» Activity
Please give every line below again exactly, but not its pictures.

------ Data shown ------

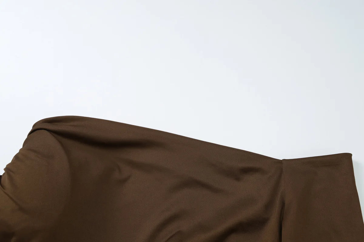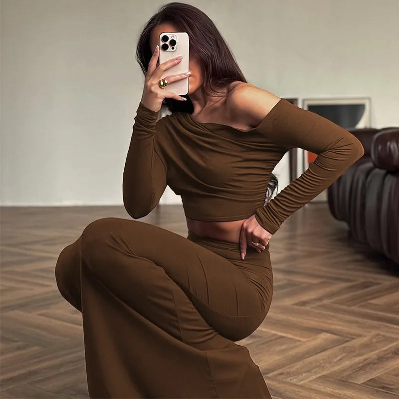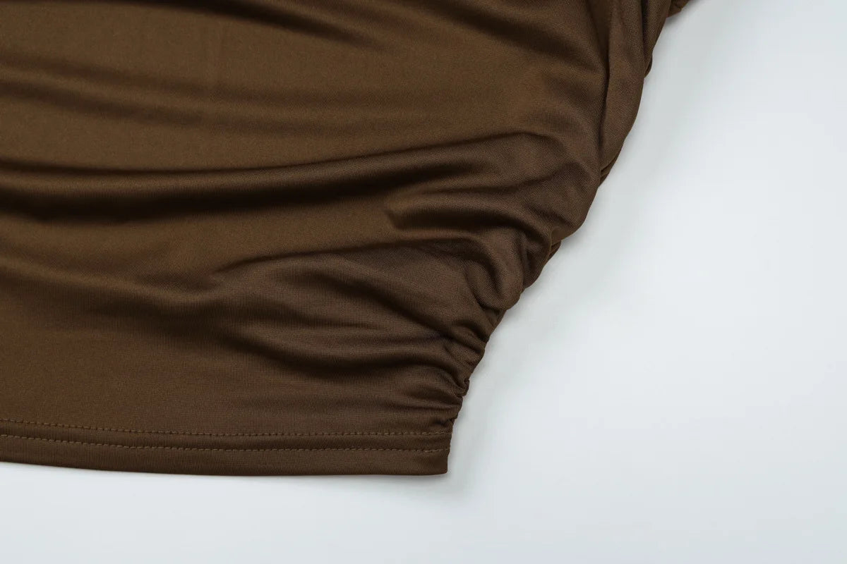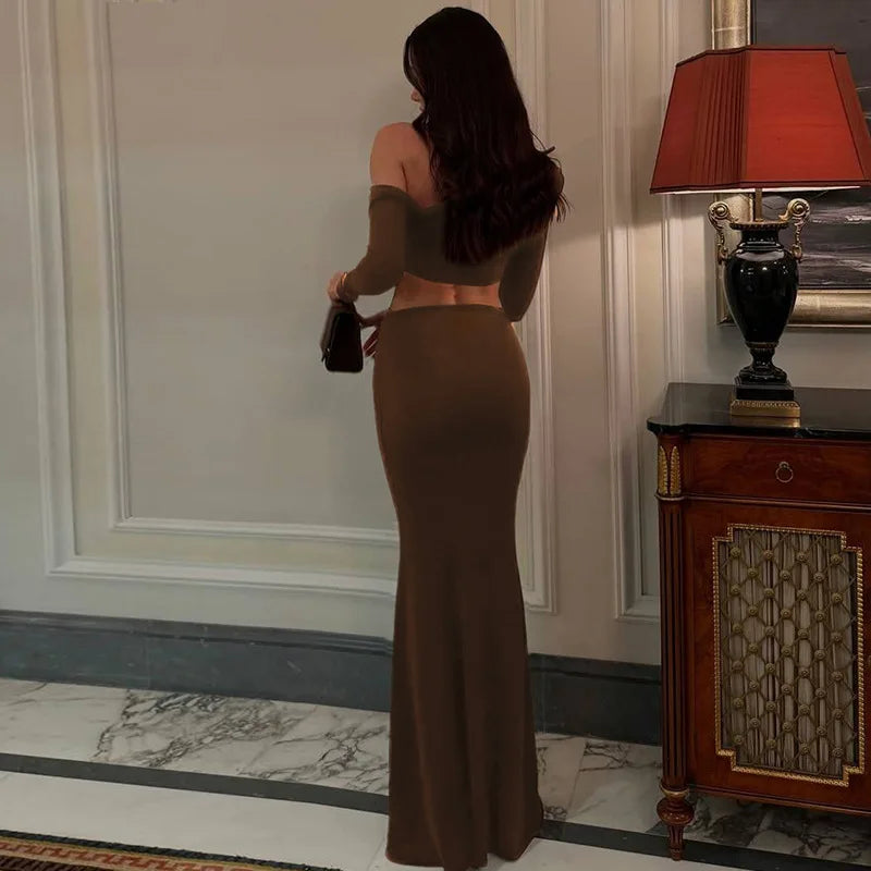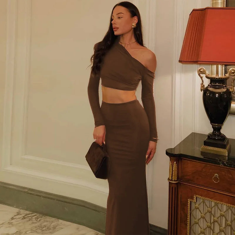 Turn heads with this stunning 2-piece dress set featuring an asymmetrical ruched top and flowing maxi skirt. Perfect for creating sophisticated club outfits and elegant evening looks with a flattering bodycon fit.
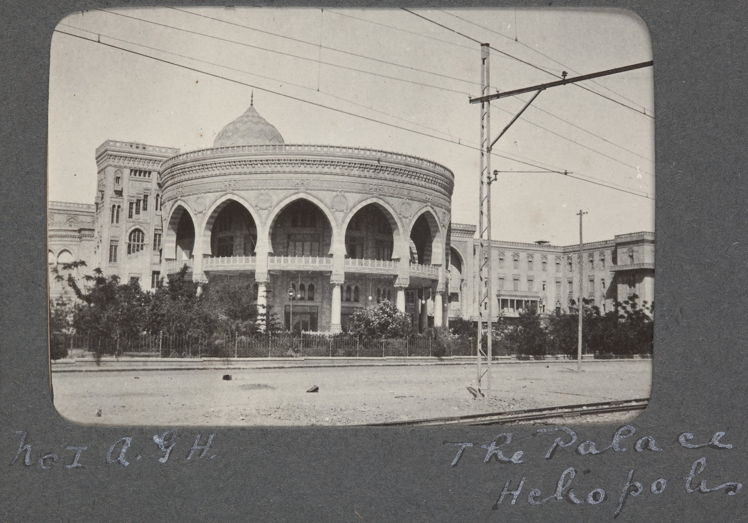 Digital image of a photograph from an album compiled by Sister Selina Lily (Lil) Mackenzie, documenting life as an Australian nurse during World War I. Lil nursed at the 1st Australian General Hospital (AGH) from October 1915 to January 1917. The 1st AGH was located in the Heliopolis Palace Hotel on the north-eastern edge of Cairo.
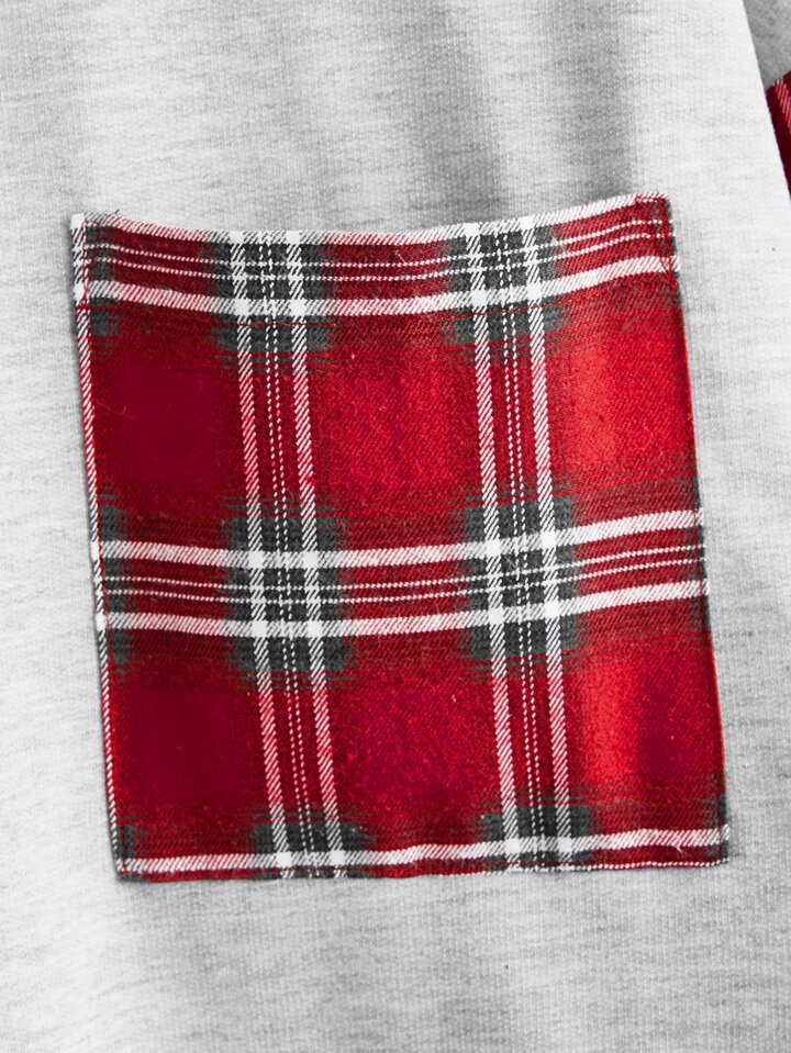 Felpa con cappuccio e coulisse con tasca e pannello a quadri

------

» Solution
 Turn heads with this stunning 2-piece dress set featuring an asymmetrical ruched top and flowing maxi skirt. Perfect for creating sophisticated club outfits and elegant evening looks with a flattering bodycon fit.
 Digital image of a photograph from an album compiled by Sister Selina Lily (Lil) Mackenzie, documenting life as an Australian nurse during World War I. Lil nursed at the 1st Australian General Hospital (AGH) from October 1915 to January 1917. The 1st AGH was located in the Heliopolis Palace Hotel on the north-eastern edge of Cairo.
 Felpa con cappuccio e coulisse con tasca e pannello a quadri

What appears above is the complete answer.